PROVIDED RECORDS: Begin

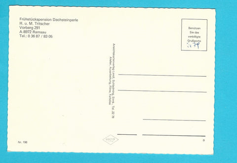 AK Ramsau am Dachstein. Vorberg 291. Frühstückspension Dachsteinperle. H. u. M. Tritscher. Ungelaufen. Großformat. Verlag: Landl. Nummeriert: 198. Zustand: Knick über der rechten unteren Hälfte.
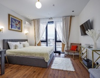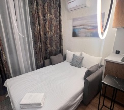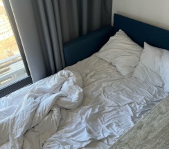 Быстрое заселение. В номере чисто, всё необходимое есть. Хороший вариант для отдыха или работы. Номер уютный, всё необходимое имеется. Кровать удобная, санузел чистый. Вид красивый на город. Рядом парк, магазины, метро, тц и т.п.
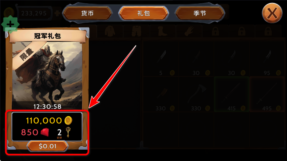 4.金币可以购买这里的装备套装,可以直接选择最高级的。
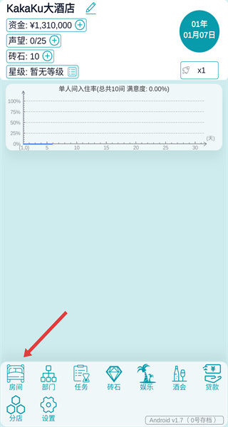1、先在酒店主界面找到并點擊房間按鈕,進入房間列表頁面,能看到當前擁有的房間類型。
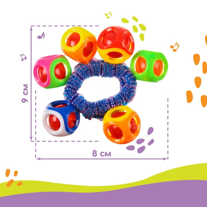 Звук в модели появляется при встряхивании. Причудливая форма надолго займёт внимание карапуза. Погремушку удобно использовать: лёгкая вещица подходит для захвата маленькими ладошками.
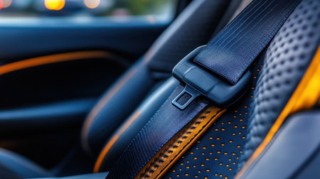 A close-up view showcasing a clicked car seatbelt in a modern vehicle, emphasizing safety and design with textured seat fabric and ambient dashboard light.
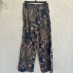 Elegant wide leg pants with vibrant paisley pattern. Ideal for fashionable events.
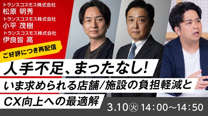 【トランスコスモスオンラインセミナー】【ご好評につき再配信】人手不足、まったなし!~いま求められる店舗/施設の負担軽減とCX向上への最適解~を3月10日(火)に開催
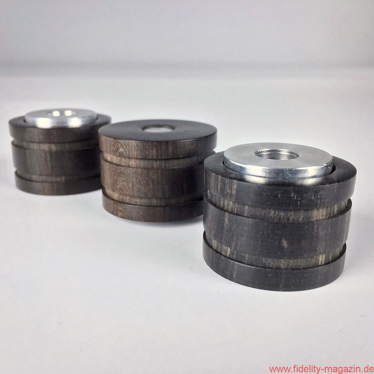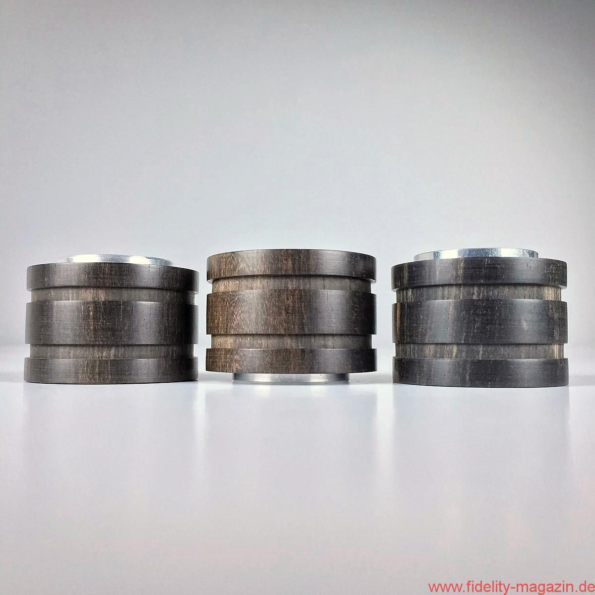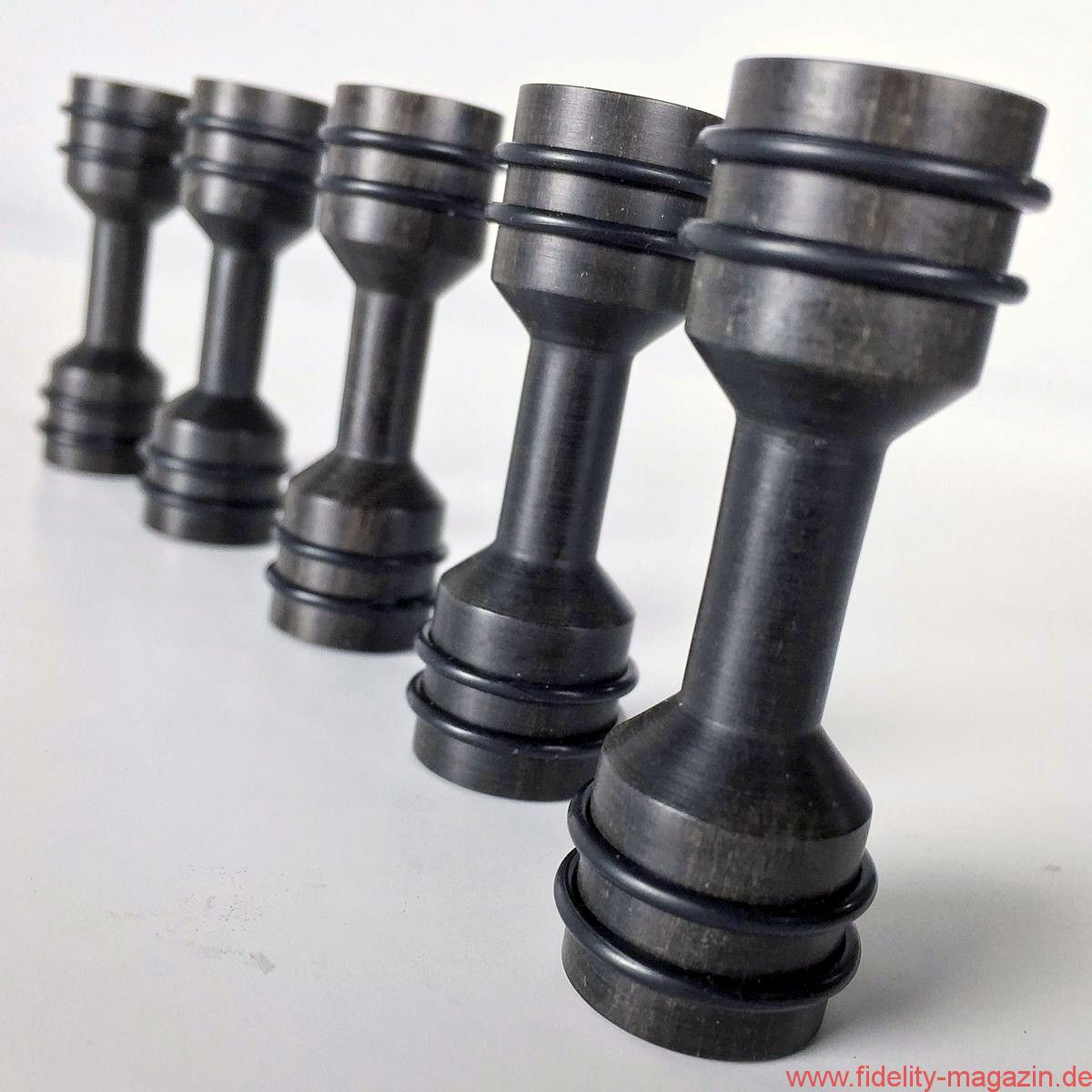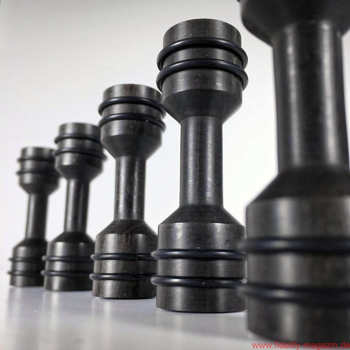 Wie schaffen das diese Füße nur? Nun, ein CF-Set soll nach dem von Subbase Audio verfolgten Ansatz der direkten Ankopplung eine möglichst homogene Verbindung des Geräts zu seiner Stellfläche herstellen. Die Füße werden alle in Handarbeit (!) gedrechselt, und zwar aus wunderbarem, mindestens zehn Jahre altem Ebenholz – ein großer haptischer Genuss! – und mit einem hülsenartigen Innaufbau aus massiven Aluminium versehen. Vergleiche mit einem Handschmeichler sind naheliegend und sicherlich erlaubt.

PROVIDED RECORDS: End

**DIRECTIONS**
Restate, word for word, each line from the one with "Elegant wide leg" to the end of the entries, both included, and keep every picture out.

**WRITTEN RESPONSE**
 Elegant wide leg pants with vibrant paisley pattern. Ideal for fashionable events.
 【トランスコスモスオンラインセミナー】【ご好評につき再配信】人手不足、まったなし!~いま求められる店舗/施設の負担軽減とCX向上への最適解~を3月10日(火)に開催
 Wie schaffen das diese Füße nur? Nun, ein CF-Set soll nach dem von Subbase Audio verfolgten Ansatz der direkten Ankopplung eine möglichst homogene Verbindung des Geräts zu seiner Stellfläche herstellen. Die Füße werden alle in Handarbeit (!) gedrechselt, und zwar aus wunderbarem, mindestens zehn Jahre altem Ebenholz – ein großer haptischer Genuss! – und mit einem hülsenartigen Innaufbau aus massiven Aluminium versehen. Vergleiche mit einem Handschmeichler sind naheliegend und sicherlich erlaubt.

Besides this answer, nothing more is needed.